Frequently asked questions
What counts as discretionary income for student loans?
For federal income-driven repayment plans, discretionary income is your annual adjusted gross income (AGI) minus a plan-specific multiple of the federal poverty guideline for your family size and state. IBR and PAYE use 150% of the guideline; ICR uses 100%. Income at or below that threshold is fully protected and does not factor into your payment calculation. The actual monthly payment is then 10% or 20% of the excess amount, divided by 12.
What is the 2026 federal poverty guideline?
For 2026, the HHS poverty guideline is $15,960 for a family of one in the 48 contiguous states and DC. Each additional family member adds $5,680. Alaska uses a base of $19,950 (+$7,100 per person) and Hawaii uses $18,360 (+$6,530 per person). These figures are updated each January and are used to compute protected income thresholds for IDR plans, Medicaid eligibility, and other federal programs.
What is the difference between IBR and PAYE?
Both IBR (new-borrower version, post-July 2014) and PAYE protect 150% of the poverty guideline and charge 10% of discretionary income. The main practical difference is eligibility: PAYE was closed to new applicants in July 2024 after a court injunction. New borrowers must use IBR or ICR for legacy IDR plans, or the new RAP plan launching in July 2026. Older IBR borrowers who took out loans before July 2014 may still be on the 15% rate.
Does discretionary income include my spouse's income?

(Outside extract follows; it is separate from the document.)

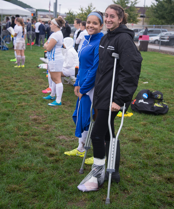 With an injured ankle wrapped in plastic, Francesca M. Timpone and soccer teammate Tania Parra smile through a damp and muddy day.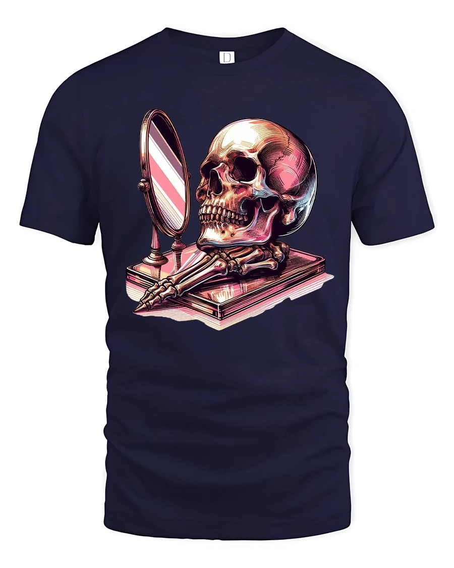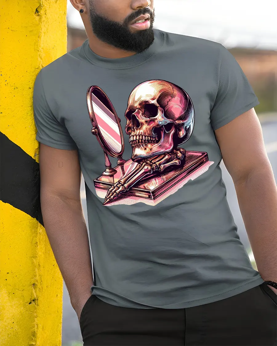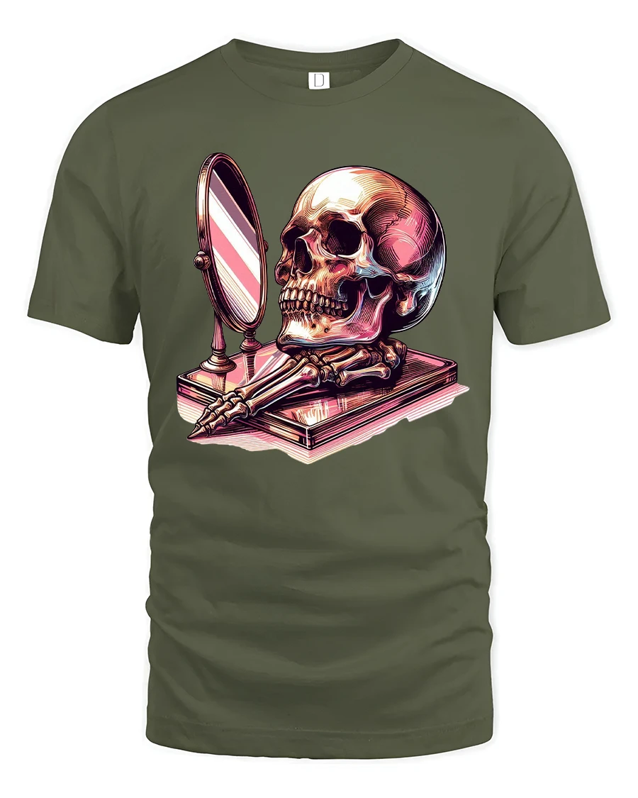 The Skull Mirror Reflection Gothic Art Graphic Tshirt is ideal for those who appreciate symbolism dark art and thoughtful design.

It depends on your filing status. If you file taxes jointly, your spouse's income is included in your AGI and therefore in the discretionary income calculation. If you file separately, only your own income is used - though filing separately may cost you more in taxes. For IBR, filing separately and excluding spousal income is allowed regardless of whether you repay jointly or on your own. Consult a student-loan advisor if your household situation is complex.
How can I increase my discretionary income?

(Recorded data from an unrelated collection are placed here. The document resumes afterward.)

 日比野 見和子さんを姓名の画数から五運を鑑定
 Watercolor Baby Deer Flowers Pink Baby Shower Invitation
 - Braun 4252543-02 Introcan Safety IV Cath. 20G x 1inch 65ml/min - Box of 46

You can increase discretionary income by raising your gross income (salary, side income) or reducing your essential expenses. For the student-loan definition, increasing your family size or using a plan with a higher poverty-line multiplier (IBR/PAYE vs ICR) also raises the protected threshold and may lower your payment. In personal-finance terms, refinancing high-interest debt, negotiating insurance rates, or moving to a lower-cost housing situation can meaningfully shift the balance.

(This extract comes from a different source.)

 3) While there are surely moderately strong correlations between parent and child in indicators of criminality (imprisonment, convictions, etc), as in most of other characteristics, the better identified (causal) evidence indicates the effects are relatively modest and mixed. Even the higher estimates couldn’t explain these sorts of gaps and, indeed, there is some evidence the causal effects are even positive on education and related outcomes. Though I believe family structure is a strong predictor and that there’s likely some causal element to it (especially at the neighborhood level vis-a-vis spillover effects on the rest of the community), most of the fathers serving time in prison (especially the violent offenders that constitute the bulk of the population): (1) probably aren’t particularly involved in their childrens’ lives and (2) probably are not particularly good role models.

What happens if my income is below the protected threshold?
If your AGI is at or below 150% of the poverty guideline (for IBR/PAYE) or 100% (for ICR), your calculated monthly payment is $0. You still need to certify your income annually, and the zero-payment months still count toward your forgiveness period. This is one of the key protections of income-driven repayment: borrowers with very low incomes are not required to make payments, and the loan balance continues accruing interest.
What is the Repayment Assistance Plan (RAP)?
RAP is a new federal student loan repayment plan launching July 2026. Unlike existing IDR plans, RAP uses your AGI directly rather than a poverty-adjusted discretionary income figure. Payments range from $10/month for very low earners up to a capped percentage of AGI for higher earners. The forgiveness timeline is 30 years. Since RAP does not use the poverty-guideline formula, the discretionary income calculations in this tool do not apply to it.